- Title: Al-Baladhuri

Personal life
- Died: 892 or 893 Baghdad, Abbasid Caliphate
- Era: Islamic golden age (Abbasid Era)
- Region: Mesopotamia
- Main interest: History
- Notable work(s): Kitab Futuh al-Buldan and Ansab al-Ashraf

Religious life
- Religion: Islam
- Jurisprudence: Sunni

= Al-Baladhuri =

Abbasid-era Muslim historian (820–892)

ʾAḥmad ibn Yaḥyā ibn Jābir al-Balādhurī (أحمد بن يحيى بن جابر البلاذري; died 892 or 893) was a 9th-century Muslim historian. A West Asian historians, he spent most of his life in Baghdad and was at the court of the caliph al-Mutawakkil. He travelled in Syria and Iraq, compiling information for his major works.

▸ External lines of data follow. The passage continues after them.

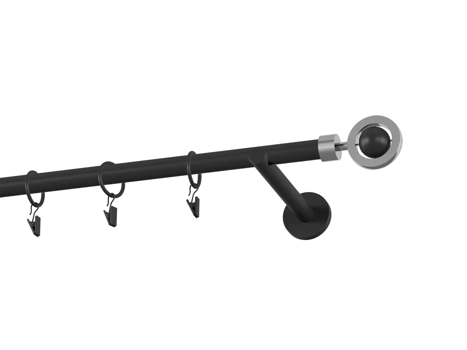 Jednořadá garnýž s povrchovou úpravou - černá lakovaná. Garnyže jsou dodávány jsou v kompletech. Tvar koncovky a typ držáku dle zadaného výběru.
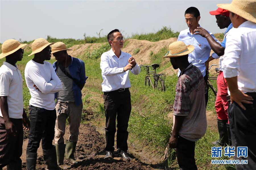 3月12日,在布隆迪西北部布班扎省寧加村,中國援助布隆迪農業(yè)專家組專家在中國雜交水稻示范田指導當?shù)剞r業(yè)技術員。 新華社記者呂天然攝
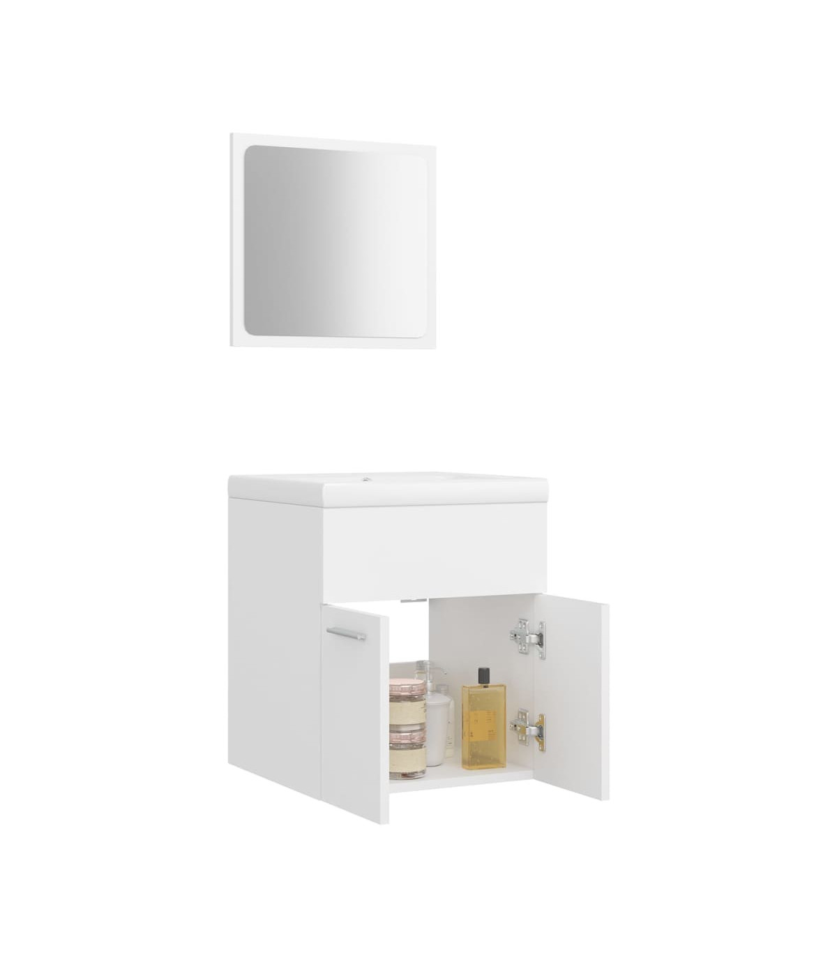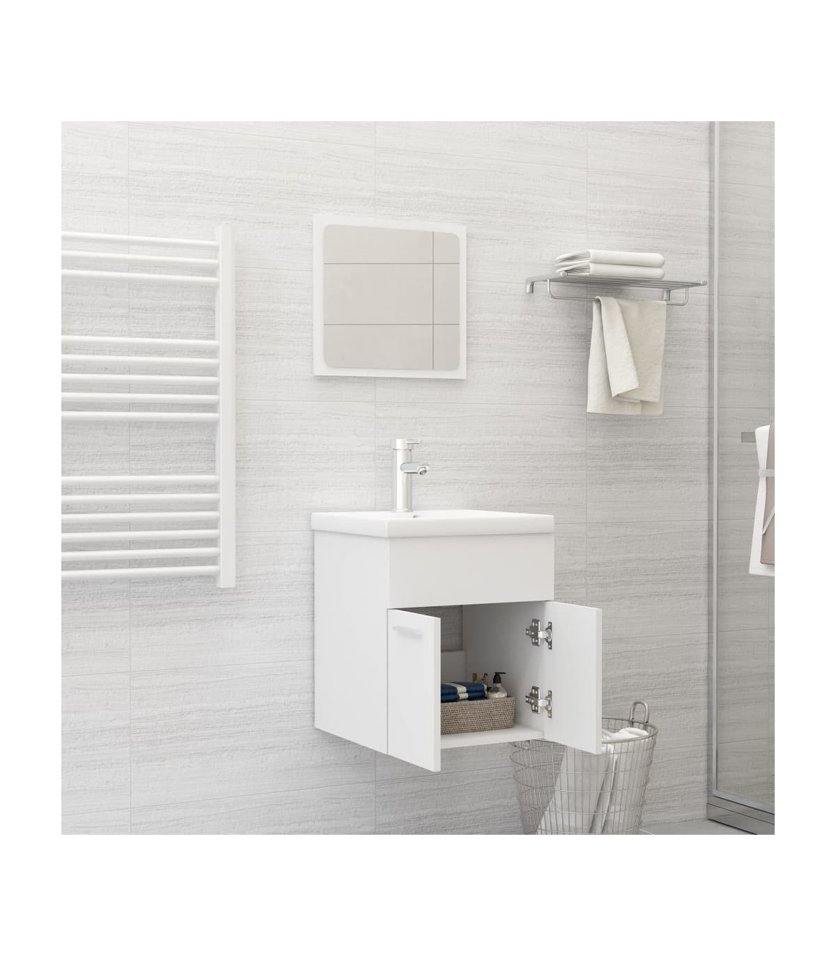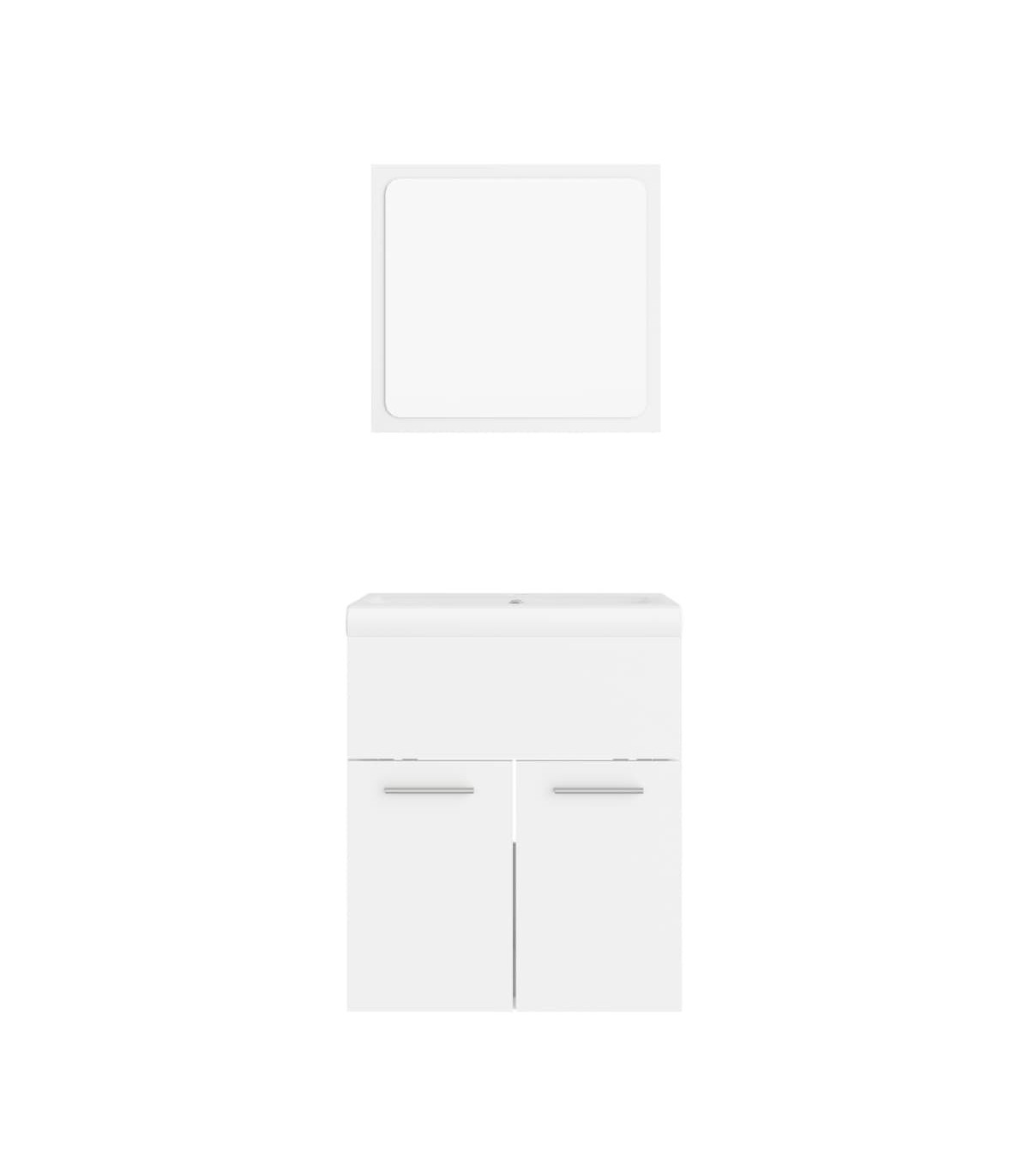 This stylish bathroom furniture set, which consists of a sink cabinet, a built-in basin, and a mirror, is a perfect match for your bathroom or washroom with a striking, tidy appearance. The sink cabinet is made of engineered wood, making it sturdy and stable. The cabinet has 1 compartment and 2 doors, offering ample space to store items. It fits perfectly under the sink and makes bathroom storage quite convenient. Made of ceramic, the basin can not only serve as a vessel for daily use but also as an adornment in your living space. Thanks to its trendsetting and contemporary design, this washbasin will definitely suit any decor. An overflow is also equipped to flow water out when it gets too full. Its glazed surface brings itself a modern yet elegant design. The mirror also adds an excellent appearance to your home decor. Additionally, this set is easy to clean with a damp cloth. Please note: The tap and the drain are not included in the delivery.
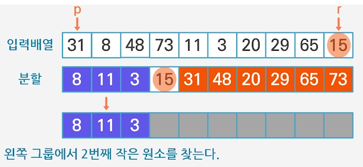 - 퀵 정렬처럼 분할한 후 자기호출 방법을 이용하여 평균적으로 선형시간에 i번째 작은 원소를 찾는 것
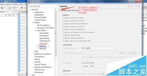 5、關閉拼寫檢查,步驟,點擊preferences,會彈出一個新的窗口,找到General/Editors/Text Editors/Spelling,點擊Spelling,具體配置如下圖所示。

His name is also found in the variant forms Ahmad Bin Yahya Bin Jabir Al-Baladhuri, Balazry Ahmad Bin Yahya Bin Jabir Abul Hasan and Abi al-Hassan Baladhuri.

==Biography==
Ibn Nadim said Al Baladhuri was Persian. Some scholars have said that he was of Arab descent and he spent most of his life in Baghdad. Baladhuri spoke Persian and translated Middle Persian works to Arabic. Masudi refers to one of his works in which he refutes non-Arab nationalism Shu'ubiyya.

He lived at the court of the caliphs al-Mutawakkil and Al-Musta'in and was tutor to the son of al-Mutazz. He died in 892 as the result of a drug called baladhur (hence his name). (Baladhur is Semecarpus anacardium, known as the "marking nut"; medieval Arabic and Jewish writers describe it as a memory-enhancer).

==Works==

His chief extant work, a condensation of a longer history, is Kitab Futuh al-Buldan (فتوح البلدان), "Book of the Conquests of Lands", which tells of the 7th-century wars and conquests of the Arabs, and the terms made with the residents of the conquered territories. It covers the conquests of lands from Arabia west to Egypt, North Africa, and Spain, and east to Iraq, Iran, and Sind. An English translation in two volumes by Phillip Hitti (1916) and Francis Clark Murgotten (1924) was published as The Origins of the Islamic State.

Al-Baladhuri's history, in turn, was much used by later writers. Ansab al-Ashraf (أنساب الأشراف, "Lineage of the Nobles"), also extant, is a biographical work in genealogical order devoted to the Arab aristocracy, from Muhammad and his contemporaries to the Umayyad and Abbāsid caliphs. It contains histories of the reigns of rulers.

His discussions of the rise and fall of powerful dynasties provide a political moral. His commentaries on methodology are sparse, other than assertions of accuracy.